▶ Task brief
Extract, from the records beneath this instruction, each line that contains the word "sich".

[[ Records to use open ]]

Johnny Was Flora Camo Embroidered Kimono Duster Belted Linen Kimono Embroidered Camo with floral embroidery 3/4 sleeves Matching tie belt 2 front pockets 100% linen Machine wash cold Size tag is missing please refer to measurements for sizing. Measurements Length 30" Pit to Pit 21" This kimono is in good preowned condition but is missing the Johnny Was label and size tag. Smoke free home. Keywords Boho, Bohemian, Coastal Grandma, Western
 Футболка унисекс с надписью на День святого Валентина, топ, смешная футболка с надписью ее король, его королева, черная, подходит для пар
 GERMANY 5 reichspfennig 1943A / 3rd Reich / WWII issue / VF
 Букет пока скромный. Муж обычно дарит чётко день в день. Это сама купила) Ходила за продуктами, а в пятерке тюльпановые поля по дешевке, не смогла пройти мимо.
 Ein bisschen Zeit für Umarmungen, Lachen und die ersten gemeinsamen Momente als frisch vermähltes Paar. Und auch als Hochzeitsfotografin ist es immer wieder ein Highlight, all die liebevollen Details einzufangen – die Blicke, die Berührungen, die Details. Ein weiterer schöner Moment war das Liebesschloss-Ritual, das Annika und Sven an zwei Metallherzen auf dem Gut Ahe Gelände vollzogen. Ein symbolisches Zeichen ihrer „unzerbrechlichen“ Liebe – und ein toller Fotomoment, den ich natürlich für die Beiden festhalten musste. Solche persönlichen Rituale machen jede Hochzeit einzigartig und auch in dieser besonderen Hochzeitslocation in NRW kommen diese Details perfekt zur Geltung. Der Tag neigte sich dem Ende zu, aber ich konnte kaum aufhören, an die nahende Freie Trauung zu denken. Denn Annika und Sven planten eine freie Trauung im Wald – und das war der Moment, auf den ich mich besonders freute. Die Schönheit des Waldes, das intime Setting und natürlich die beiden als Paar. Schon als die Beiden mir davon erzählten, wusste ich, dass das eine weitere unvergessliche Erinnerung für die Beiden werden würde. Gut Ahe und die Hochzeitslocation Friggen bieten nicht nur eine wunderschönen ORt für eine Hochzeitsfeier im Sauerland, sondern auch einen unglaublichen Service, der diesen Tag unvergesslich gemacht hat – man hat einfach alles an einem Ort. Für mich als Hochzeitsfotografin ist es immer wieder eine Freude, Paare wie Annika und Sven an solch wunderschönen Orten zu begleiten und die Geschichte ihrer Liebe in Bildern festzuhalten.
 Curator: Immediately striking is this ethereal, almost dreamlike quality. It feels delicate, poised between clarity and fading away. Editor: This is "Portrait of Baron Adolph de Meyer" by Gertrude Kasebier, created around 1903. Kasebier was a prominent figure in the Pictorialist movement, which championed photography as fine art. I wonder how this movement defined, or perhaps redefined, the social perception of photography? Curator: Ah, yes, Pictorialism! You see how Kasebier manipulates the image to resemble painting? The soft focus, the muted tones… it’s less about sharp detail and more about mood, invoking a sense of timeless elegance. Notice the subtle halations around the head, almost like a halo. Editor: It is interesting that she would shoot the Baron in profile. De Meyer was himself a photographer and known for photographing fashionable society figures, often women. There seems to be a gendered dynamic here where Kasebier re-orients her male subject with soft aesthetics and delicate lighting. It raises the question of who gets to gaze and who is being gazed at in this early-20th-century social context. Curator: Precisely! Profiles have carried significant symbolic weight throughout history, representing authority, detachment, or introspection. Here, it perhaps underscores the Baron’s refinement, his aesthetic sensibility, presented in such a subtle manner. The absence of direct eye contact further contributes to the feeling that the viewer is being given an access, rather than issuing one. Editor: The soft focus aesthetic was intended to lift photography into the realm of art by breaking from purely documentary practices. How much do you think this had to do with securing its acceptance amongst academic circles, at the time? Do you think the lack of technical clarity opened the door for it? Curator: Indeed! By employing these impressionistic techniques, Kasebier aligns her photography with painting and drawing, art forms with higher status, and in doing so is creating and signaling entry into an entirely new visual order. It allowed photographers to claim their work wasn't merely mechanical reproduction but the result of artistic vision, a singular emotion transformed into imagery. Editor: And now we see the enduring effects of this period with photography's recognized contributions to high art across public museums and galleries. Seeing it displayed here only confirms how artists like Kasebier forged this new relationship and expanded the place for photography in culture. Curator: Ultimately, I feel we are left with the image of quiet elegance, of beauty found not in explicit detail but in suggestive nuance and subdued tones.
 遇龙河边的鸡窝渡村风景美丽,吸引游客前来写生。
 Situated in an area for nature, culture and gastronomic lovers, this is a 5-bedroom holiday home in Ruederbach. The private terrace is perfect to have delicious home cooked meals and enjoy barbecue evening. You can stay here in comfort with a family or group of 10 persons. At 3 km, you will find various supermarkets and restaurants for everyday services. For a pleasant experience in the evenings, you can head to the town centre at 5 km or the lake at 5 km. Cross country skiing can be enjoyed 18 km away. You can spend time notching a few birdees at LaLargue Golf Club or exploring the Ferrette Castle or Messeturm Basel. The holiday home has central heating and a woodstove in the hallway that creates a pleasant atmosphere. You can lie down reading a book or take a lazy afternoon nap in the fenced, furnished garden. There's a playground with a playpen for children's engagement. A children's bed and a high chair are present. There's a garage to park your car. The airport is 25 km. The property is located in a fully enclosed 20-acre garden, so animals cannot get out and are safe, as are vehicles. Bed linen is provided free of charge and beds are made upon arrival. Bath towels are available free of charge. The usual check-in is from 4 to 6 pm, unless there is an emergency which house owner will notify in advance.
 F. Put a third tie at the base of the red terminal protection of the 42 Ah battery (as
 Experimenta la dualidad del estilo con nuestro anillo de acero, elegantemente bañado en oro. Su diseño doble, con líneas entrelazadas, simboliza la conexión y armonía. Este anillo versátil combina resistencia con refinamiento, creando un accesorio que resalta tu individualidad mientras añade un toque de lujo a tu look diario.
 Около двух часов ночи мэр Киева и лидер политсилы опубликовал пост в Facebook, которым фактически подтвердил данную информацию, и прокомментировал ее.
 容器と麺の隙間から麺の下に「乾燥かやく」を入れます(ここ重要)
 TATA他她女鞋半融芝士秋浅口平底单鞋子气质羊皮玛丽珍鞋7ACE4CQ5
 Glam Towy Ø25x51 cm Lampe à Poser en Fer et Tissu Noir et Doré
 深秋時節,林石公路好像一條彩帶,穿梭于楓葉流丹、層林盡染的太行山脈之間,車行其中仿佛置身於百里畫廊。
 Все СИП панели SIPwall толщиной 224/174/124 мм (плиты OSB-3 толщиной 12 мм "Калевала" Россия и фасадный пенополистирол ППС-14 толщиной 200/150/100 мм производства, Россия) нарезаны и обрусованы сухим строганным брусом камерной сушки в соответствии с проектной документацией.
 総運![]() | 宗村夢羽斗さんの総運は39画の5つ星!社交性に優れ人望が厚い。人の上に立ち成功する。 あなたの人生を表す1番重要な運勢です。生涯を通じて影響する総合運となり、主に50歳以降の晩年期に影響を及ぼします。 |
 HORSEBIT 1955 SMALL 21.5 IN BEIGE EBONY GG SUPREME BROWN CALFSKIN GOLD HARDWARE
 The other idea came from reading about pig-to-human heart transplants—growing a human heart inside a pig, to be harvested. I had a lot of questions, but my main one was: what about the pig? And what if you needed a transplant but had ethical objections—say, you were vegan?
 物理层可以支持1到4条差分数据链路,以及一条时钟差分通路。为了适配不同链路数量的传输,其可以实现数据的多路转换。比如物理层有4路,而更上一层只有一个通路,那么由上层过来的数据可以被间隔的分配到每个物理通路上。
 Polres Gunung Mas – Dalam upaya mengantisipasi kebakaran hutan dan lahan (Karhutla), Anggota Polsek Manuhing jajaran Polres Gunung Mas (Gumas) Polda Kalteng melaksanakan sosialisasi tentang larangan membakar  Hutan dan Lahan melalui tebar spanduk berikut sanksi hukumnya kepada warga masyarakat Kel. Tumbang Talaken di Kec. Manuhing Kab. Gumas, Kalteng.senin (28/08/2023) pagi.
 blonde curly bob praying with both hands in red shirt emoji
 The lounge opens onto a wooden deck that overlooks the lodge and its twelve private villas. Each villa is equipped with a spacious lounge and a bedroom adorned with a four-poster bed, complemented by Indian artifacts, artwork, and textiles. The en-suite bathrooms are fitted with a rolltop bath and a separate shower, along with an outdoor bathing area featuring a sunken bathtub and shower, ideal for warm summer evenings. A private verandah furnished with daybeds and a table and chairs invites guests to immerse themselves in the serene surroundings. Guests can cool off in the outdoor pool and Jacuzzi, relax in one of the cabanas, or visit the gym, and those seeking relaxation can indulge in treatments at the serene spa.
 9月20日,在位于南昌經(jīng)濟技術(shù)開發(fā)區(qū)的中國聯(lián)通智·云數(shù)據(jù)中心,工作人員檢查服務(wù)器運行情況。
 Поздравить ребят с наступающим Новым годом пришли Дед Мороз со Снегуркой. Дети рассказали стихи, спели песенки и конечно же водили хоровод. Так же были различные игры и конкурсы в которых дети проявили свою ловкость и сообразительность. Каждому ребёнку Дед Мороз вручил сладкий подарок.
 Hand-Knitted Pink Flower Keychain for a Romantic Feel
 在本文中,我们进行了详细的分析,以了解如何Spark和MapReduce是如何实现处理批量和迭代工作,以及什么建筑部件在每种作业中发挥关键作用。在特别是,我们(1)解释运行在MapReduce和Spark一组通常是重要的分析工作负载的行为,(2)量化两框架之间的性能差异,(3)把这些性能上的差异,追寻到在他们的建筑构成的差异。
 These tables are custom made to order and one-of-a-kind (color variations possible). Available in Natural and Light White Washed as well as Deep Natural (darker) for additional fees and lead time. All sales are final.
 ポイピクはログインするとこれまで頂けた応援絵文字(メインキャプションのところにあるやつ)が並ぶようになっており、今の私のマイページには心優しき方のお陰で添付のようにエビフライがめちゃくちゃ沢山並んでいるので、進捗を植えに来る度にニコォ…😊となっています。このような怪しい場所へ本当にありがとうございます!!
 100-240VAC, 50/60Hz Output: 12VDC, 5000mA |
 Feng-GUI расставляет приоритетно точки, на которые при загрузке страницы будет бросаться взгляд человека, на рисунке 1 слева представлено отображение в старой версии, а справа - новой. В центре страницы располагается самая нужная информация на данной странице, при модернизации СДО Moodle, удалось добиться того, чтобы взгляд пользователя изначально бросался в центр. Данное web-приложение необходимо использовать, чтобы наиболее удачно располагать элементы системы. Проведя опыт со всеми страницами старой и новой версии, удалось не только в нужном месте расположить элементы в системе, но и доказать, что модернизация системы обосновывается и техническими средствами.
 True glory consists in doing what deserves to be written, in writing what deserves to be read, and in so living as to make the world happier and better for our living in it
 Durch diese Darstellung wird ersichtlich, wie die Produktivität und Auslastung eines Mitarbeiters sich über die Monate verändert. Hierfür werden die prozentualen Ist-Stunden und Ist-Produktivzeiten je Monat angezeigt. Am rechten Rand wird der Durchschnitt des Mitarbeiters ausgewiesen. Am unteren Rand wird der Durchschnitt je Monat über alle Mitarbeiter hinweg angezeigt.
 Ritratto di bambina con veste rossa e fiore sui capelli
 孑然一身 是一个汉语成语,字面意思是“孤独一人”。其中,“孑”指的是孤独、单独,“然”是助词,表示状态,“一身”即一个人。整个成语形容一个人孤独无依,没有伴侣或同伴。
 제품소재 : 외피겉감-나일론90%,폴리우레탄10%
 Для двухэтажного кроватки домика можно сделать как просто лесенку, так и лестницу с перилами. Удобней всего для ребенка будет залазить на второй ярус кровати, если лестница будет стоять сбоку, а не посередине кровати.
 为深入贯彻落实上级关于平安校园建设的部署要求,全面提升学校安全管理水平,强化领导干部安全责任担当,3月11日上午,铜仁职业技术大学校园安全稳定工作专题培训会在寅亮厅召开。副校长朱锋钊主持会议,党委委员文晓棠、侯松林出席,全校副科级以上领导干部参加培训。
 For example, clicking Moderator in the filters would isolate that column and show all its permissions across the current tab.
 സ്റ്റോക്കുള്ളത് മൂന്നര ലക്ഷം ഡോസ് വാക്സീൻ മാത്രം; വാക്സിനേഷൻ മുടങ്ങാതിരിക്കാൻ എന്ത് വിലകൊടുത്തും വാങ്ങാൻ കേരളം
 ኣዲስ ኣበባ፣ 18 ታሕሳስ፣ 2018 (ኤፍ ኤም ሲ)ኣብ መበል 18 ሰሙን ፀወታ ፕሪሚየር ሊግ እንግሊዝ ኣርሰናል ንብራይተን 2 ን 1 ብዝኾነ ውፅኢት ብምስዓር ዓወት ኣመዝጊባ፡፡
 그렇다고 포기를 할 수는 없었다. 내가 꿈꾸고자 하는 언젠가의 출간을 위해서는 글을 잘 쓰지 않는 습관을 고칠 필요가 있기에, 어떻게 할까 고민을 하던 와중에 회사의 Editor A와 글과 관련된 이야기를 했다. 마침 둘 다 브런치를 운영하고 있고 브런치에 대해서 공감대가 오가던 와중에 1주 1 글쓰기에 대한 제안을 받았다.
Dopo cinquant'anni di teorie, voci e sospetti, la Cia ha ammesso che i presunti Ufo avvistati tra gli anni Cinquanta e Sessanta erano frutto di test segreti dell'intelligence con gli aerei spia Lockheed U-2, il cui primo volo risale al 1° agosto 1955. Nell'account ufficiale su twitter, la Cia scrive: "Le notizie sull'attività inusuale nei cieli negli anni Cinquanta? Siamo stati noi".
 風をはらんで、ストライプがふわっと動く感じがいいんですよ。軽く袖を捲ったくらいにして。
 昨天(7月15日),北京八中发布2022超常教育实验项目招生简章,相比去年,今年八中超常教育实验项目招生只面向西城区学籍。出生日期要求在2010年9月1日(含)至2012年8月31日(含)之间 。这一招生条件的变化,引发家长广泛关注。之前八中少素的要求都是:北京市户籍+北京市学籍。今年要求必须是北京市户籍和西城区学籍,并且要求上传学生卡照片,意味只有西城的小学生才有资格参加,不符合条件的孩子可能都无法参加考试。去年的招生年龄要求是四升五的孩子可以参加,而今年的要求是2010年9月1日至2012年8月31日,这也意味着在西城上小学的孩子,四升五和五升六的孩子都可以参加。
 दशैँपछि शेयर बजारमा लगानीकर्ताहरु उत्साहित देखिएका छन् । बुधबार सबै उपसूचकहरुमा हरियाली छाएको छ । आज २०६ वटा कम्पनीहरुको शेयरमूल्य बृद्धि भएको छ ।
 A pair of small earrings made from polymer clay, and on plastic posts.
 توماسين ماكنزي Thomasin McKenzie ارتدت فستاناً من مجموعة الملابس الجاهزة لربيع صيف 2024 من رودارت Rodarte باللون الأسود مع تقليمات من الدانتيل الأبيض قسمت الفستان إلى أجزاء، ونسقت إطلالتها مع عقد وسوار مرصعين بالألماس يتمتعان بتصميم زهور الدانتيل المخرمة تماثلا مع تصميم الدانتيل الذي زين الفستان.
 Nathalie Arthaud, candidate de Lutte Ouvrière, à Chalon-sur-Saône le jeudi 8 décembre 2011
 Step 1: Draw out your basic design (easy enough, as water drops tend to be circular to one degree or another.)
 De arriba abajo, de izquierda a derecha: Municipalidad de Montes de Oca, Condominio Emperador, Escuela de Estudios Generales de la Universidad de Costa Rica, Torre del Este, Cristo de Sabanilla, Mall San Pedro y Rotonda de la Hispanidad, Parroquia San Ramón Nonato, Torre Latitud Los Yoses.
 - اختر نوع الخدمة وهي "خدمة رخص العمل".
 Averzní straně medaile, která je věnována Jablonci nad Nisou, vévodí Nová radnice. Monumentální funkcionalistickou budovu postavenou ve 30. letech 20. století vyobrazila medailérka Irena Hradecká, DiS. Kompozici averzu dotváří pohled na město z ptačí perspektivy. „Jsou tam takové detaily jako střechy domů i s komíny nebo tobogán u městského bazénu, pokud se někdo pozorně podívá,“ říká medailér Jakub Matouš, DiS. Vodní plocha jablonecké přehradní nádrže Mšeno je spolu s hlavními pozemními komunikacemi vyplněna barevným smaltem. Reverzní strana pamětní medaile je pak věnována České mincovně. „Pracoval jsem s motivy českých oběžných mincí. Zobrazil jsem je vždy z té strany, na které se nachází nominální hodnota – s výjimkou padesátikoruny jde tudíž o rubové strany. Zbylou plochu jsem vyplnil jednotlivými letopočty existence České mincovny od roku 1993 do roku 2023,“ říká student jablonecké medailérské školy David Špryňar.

[[ Records to use closed ]]

▶ Response to this task
 Ein bisschen Zeit für Umarmungen, Lachen und die ersten gemeinsamen Momente als frisch vermähltes Paar. Und auch als Hochzeitsfotografin ist es immer wieder ein Highlight, all die liebevollen Details einzufangen – die Blicke, die Berührungen, die Details. Ein weiterer schöner Moment war das Liebesschloss-Ritual, das Annika und Sven an zwei Metallherzen auf dem Gut Ahe Gelände vollzogen. Ein symbolisches Zeichen ihrer „unzerbrechlichen“ Liebe – und ein toller Fotomoment, den ich natürlich für die Beiden festhalten musste. Solche persönlichen Rituale machen jede Hochzeit einzigartig und auch in dieser besonderen Hochzeitslocation in NRW kommen diese Details perfekt zur Geltung. Der Tag neigte sich dem Ende zu, aber ich konnte kaum aufhören, an die nahende Freie Trauung zu denken. Denn Annika und Sven planten eine freie Trauung im Wald – und das war der Moment, auf den ich mich besonders freute. Die Schönheit des Waldes, das intime Setting und natürlich die beiden als Paar. Schon als die Beiden mir davon erzählten, wusste ich, dass das eine weitere unvergessliche Erinnerung für die Beiden werden würde. Gut Ahe und die Hochzeitslocation Friggen bieten nicht nur eine wunderschönen ORt für eine Hochzeitsfeier im Sauerland, sondern auch einen unglaublichen Service, der diesen Tag unvergesslich gemacht hat – man hat einfach alles an einem Ort. Für mich als Hochzeitsfotografin ist es immer wieder eine Freude, Paare wie Annika und Sven an solch wunderschönen Orten zu begleiten und die Geschichte ihrer Liebe in Bildern festzuhalten.
 Durch diese Darstellung wird ersichtlich, wie die Produktivität und Auslastung eines Mitarbeiters sich über die Monate verändert. Hierfür werden die prozentualen Ist-Stunden und Ist-Produktivzeiten je Monat angezeigt. Am rechten Rand wird der Durchschnitt des Mitarbeiters ausgewiesen. Am unteren Rand wird der Durchschnitt je Monat über alle Mitarbeiter hinweg angezeigt.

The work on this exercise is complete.